- DATA SHOWN
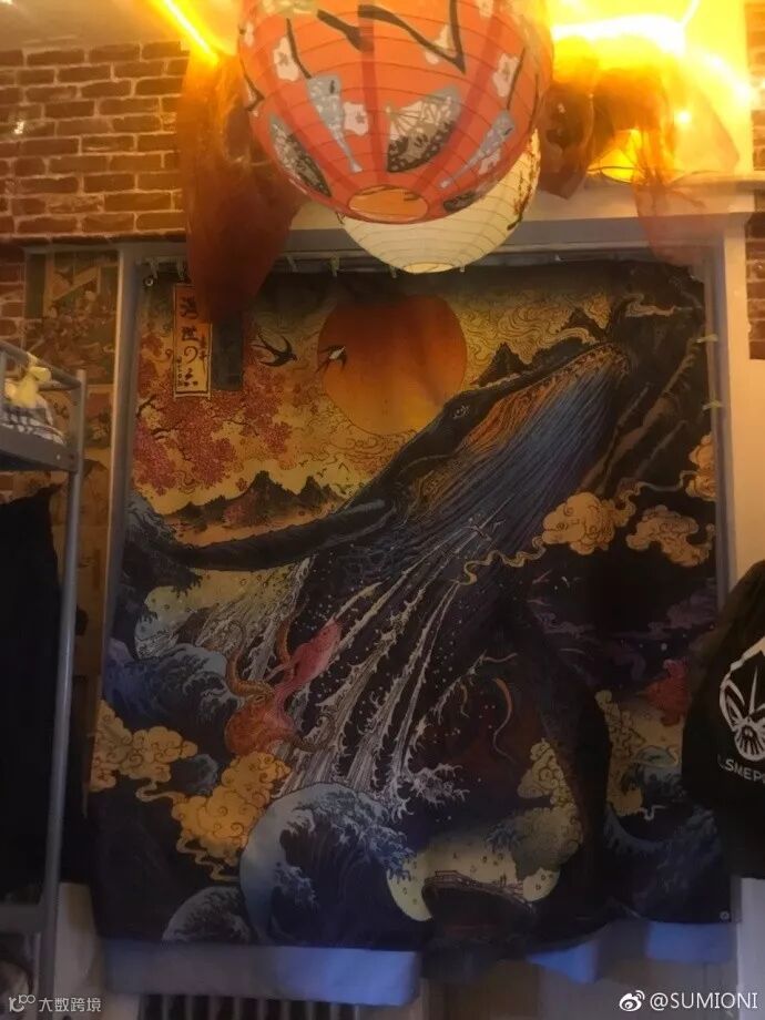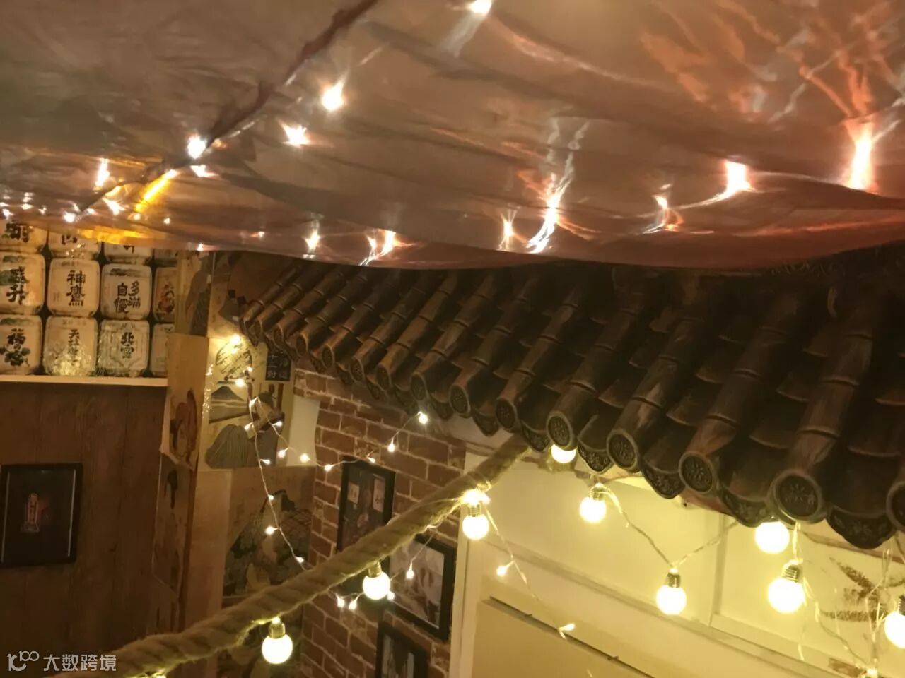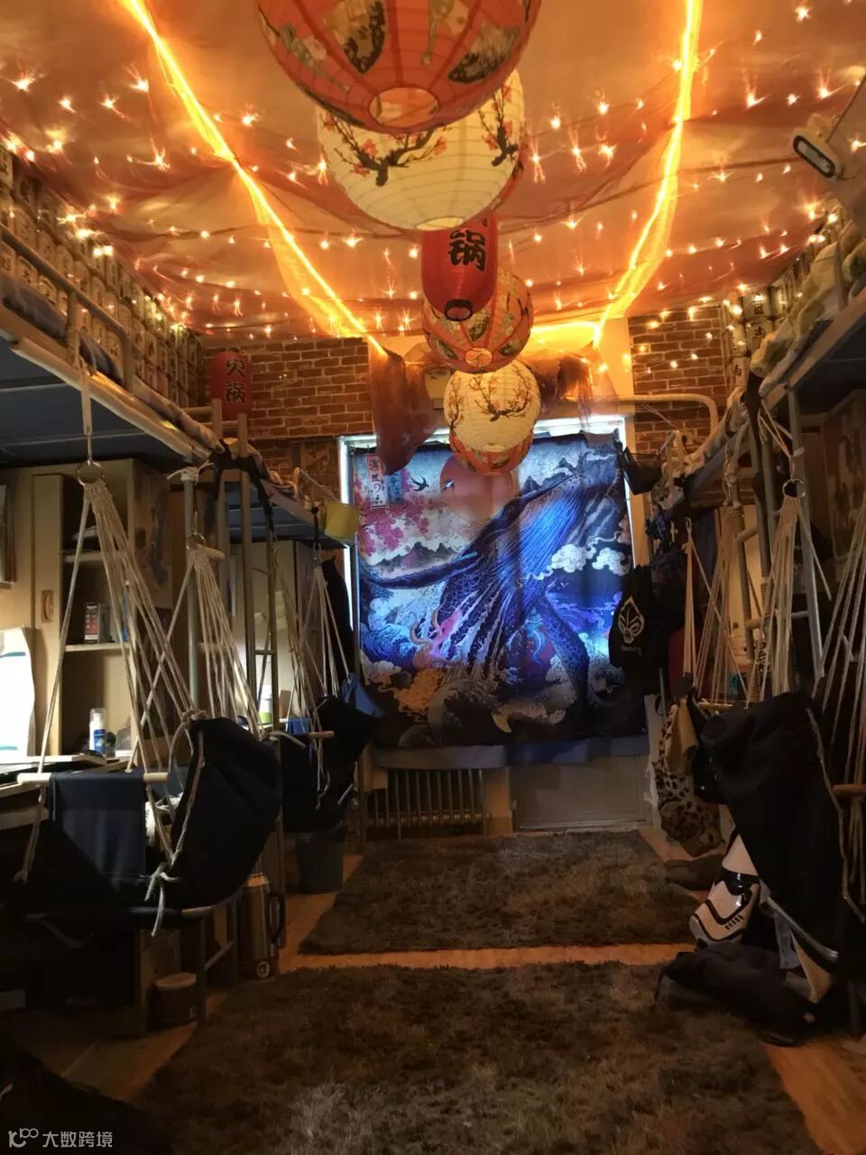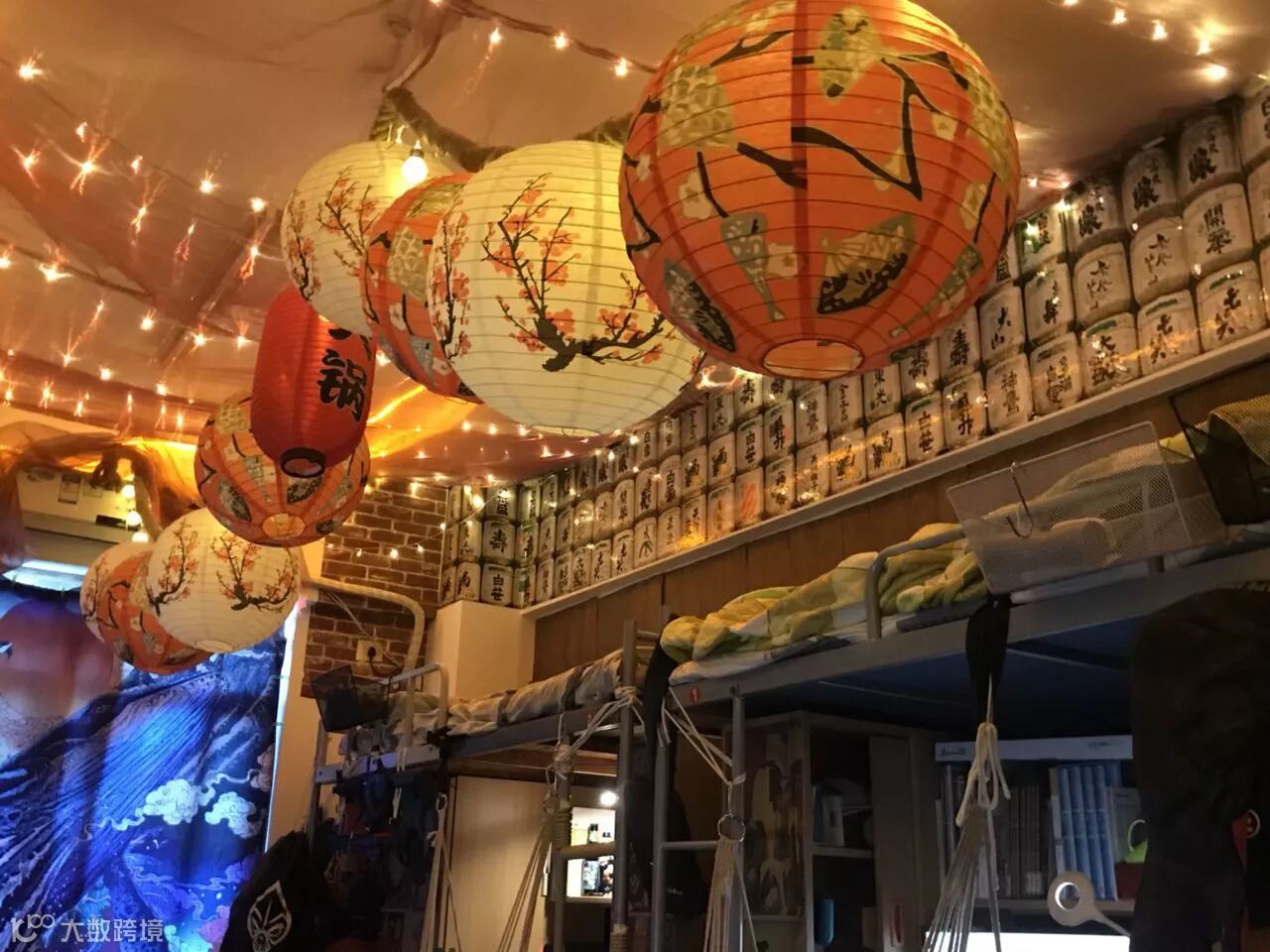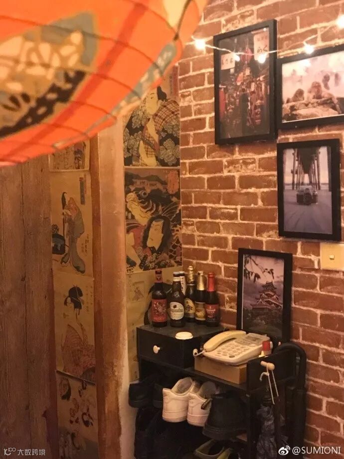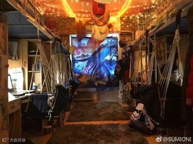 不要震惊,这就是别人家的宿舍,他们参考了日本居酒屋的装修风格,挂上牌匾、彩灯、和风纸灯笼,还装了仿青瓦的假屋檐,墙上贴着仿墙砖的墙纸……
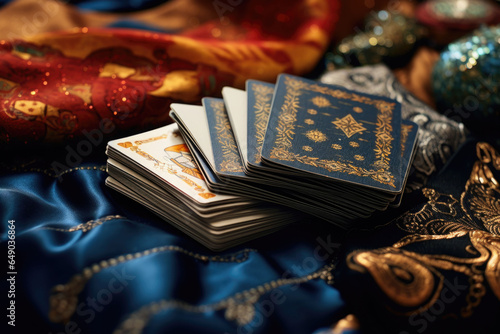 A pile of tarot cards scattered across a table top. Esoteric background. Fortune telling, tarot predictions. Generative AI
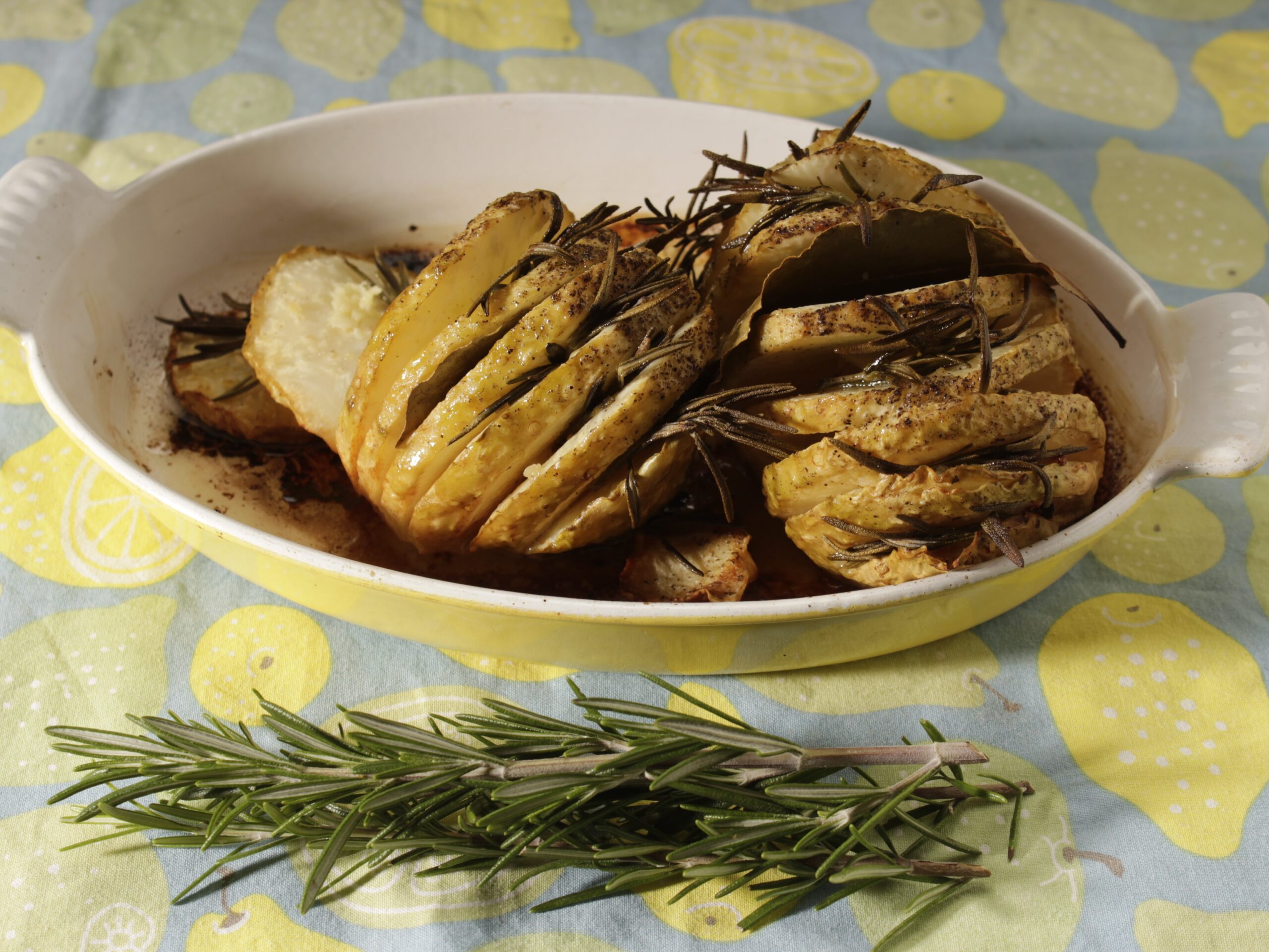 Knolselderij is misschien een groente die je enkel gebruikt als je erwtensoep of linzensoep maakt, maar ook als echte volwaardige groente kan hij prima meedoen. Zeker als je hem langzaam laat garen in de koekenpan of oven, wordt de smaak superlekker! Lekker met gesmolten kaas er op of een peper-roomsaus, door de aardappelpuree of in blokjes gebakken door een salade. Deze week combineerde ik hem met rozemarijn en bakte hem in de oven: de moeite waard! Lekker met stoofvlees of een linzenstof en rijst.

- WORK REQUIRED
Pictures are to be omitted; otherwise, every line from the first line of the listing through the line containing "A pile of tarot" must be reproduced exactly, both ends included.

- COMPLETED TASK
 不要震惊,这就是别人家的宿舍,他们参考了日本居酒屋的装修风格,挂上牌匾、彩灯、和风纸灯笼,还装了仿青瓦的假屋檐,墙上贴着仿墙砖的墙纸……
 A pile of tarot cards scattered across a table top. Esoteric background. Fortune telling, tarot predictions. Generative AI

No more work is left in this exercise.